A propósito es bueno recordar una anécdota tal vez demasiado conocida, de cuando la esposa del ya famoso escritor norteamericano Sherwood Anderson encontró al joven William Faulkner escribiendo a lápiz con el papel apoyado en una vieja carretilla. "¿Qué escribe?", le preguntó ella. William Faulkner, sin levantar la cabeza, le contestó: "Una novela". La señora Anderson sólo acertó a exclamar: "¡Dios mío!". Sin embargo, unos días después Sherwood Anderson le mandó decir al joven Faulkner que estaba dispuesto a llevarle su novela a un editor, con la única condición de no tener que leerla. El libro fue, dicen, La paga del soldado, que se publicó en 1926; después William Faulkner publicó cuatro más antes de que se le considerara como un escritor conocido, cuyos libros fueron aceptados por los editores sin demasiadas vueltas. El propio Faulkner declaró alguna vez que después de esos primeros cinco libros se vio forzado a escribir una novela sensacionalista, ya que las anteriores no le habían producido bastante dinero para alimentar a su familia. Ese libro forzoso fue Santuario, y vale la pena señalarlo, porque esto indica muy bien cuál era la idea que tenía el autor de una novela sensacionalista.

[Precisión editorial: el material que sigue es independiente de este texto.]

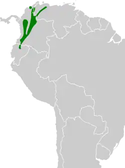 Se distribuye en los Andes, desde el oeste de Venezuela, a través de Colombia, hasta el norte de Ecuador.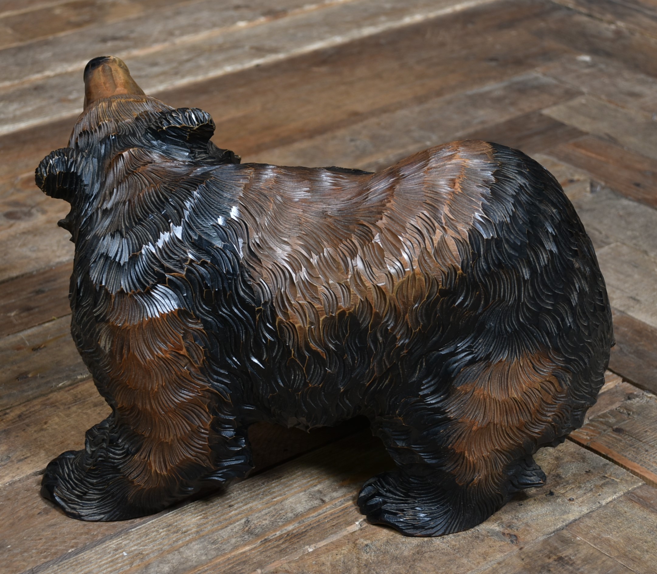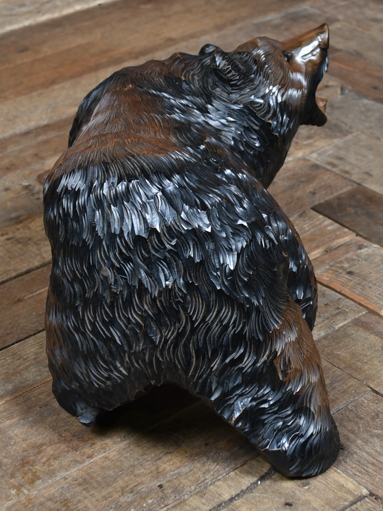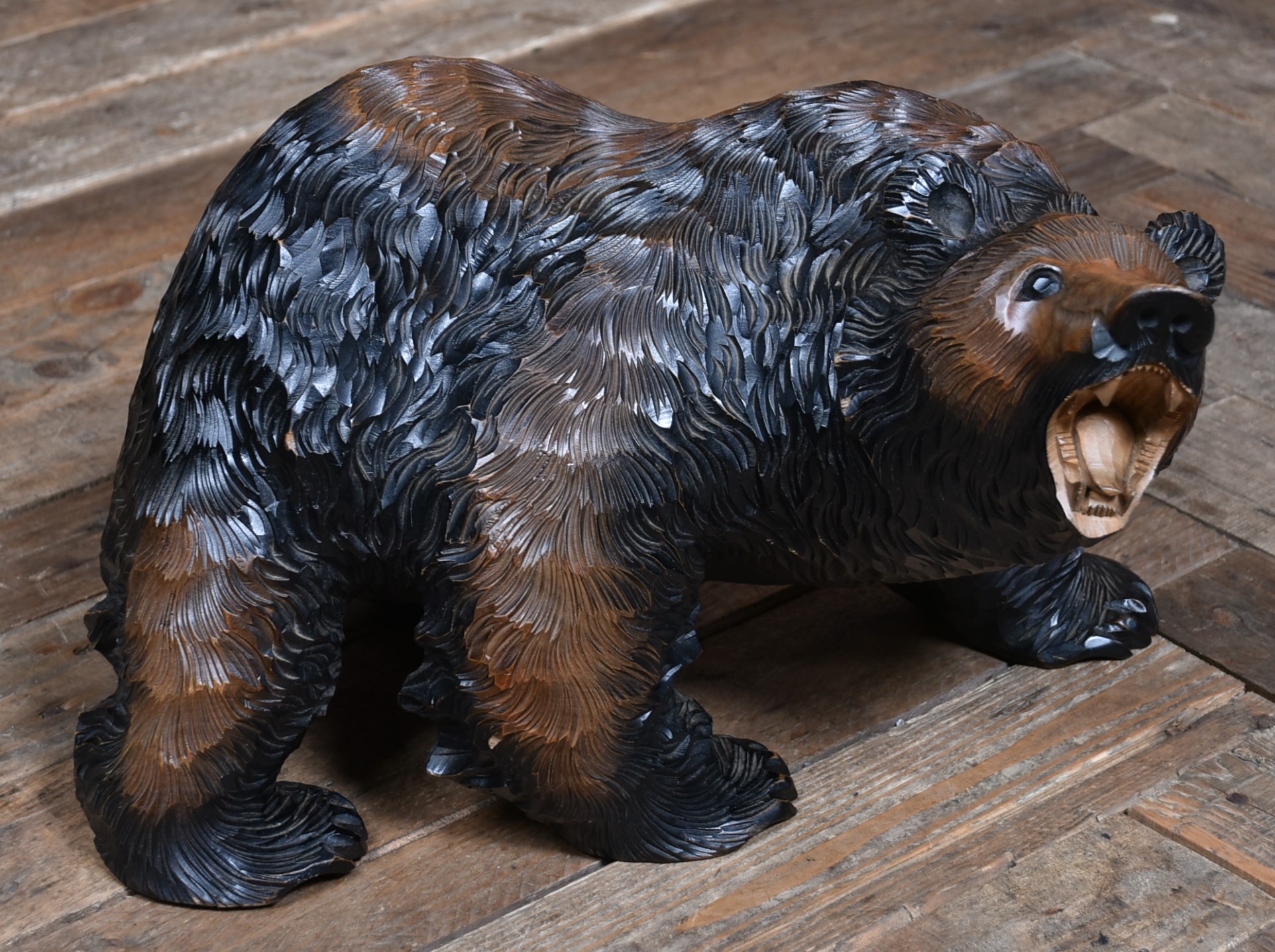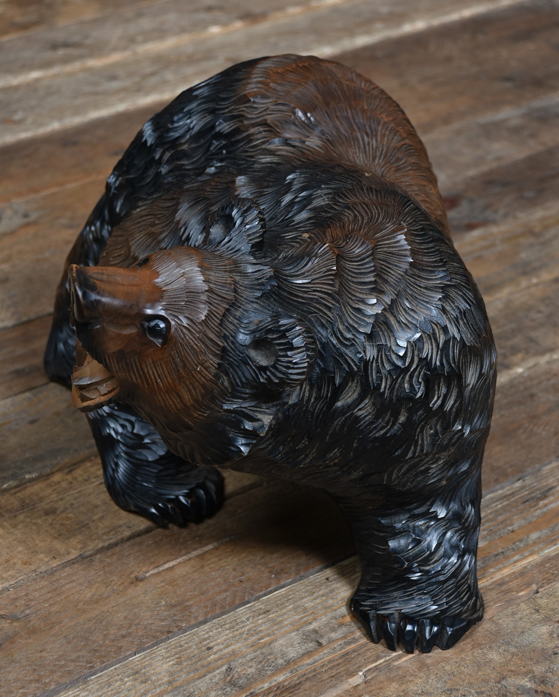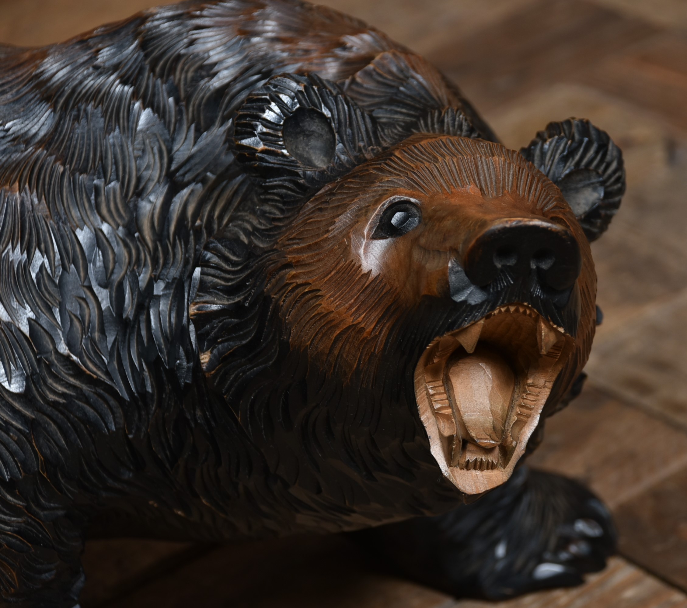 A beautifully carved Japanese wooden bear in excellent antique condition. The bear is captured mid-stride with its jaws open, creating a dynamic and expressive pose. The two-toned timber has been worked to produce a rich, textured surface that evokes the depth and movement of real fur, while darkened accents emphasise the contours and dramatic facial expression, giving the piece a striking sense of life and presence. A classic example of Kibori Kuma carving, it reflects both the cultural tradition and the exceptional craftsmanship associated with these iconic bears.

Faulkner, en 1956, en la famosa entrevista con Jean Stein para la Paris Review, dando una explicación bastante cabal y extensa de cómo había confeccionado La paga del soldado:
"Con La paga del soldado, descubrí que escribir era divertido. Pero después descubrí no sólo que cada libro debe tener un designio, sino que toda producción o suma del trabajo de un artista tenía que tener un designio. En La paga del soldado y en Mosquitos, escribí por el placer de escribir, porque era divertido. Con Sartoris descubrí que valía la pena escribir sobre mi tierra natal, y que no viviría lo suficiente para agotar el tema, y que si sublimaba lo real en lo apócrifo, tendría absoluta libertad para usar al máximo cualquier talento que yo pudiera tener. Abrió para mí la mina de oro de otras personas, así que creé un cosmos propio. Puedo hacer mover esas personas como si yo fuera Dios, no sólo en el espacio, sino también en el tiempo. El hecho de que haya logrado ver a mis personajes en el tiempo de manera exitosa me demuestra mi propia teoría de que el tiempo es un estado fluido que no tiene existencia excepto en los avatares momentáneos de las personas, de los individuos. No existe el fue
sólo existe el es. Si el fue existiera, no habría dolor ni pena. Me gusta pensar que el mundo que creé es una piedra fundamental del universo, que, por pequeña que sea, si alguna vez se la quita de su lugar, el universo se desplomará. Mi último libro será el Libro del Juicio Final, el Libro de Oro, del condado de Yoknapatawpha. Entonces romperé el lápiz y tendré que cesar".
"La lúgubre arrogancia
"
Con algunas excepciones, las buenas novelas llegan a parecerse enteramente a los fenómenos naturales; se olvida de que tienen un autor, se las acepta como si fueran piedras o árboles, porque están allí, porque existen. Luz de agosto era una de esas novelas herméticas, un mineral. No se acepta a Sartoris, y eso es lo que hace tan precioso ese libro: Faulkner se deja ver en él, se advierte en todas partes su mano, sus artificios. He comprendido el gran resorte de su arte: la deslealtad. Es cierto que todo arte es desleal. Un cuadro miente con respecto a la perspectiva. Sin embargo, hay cuadros verídicos y también pinturas que engañan.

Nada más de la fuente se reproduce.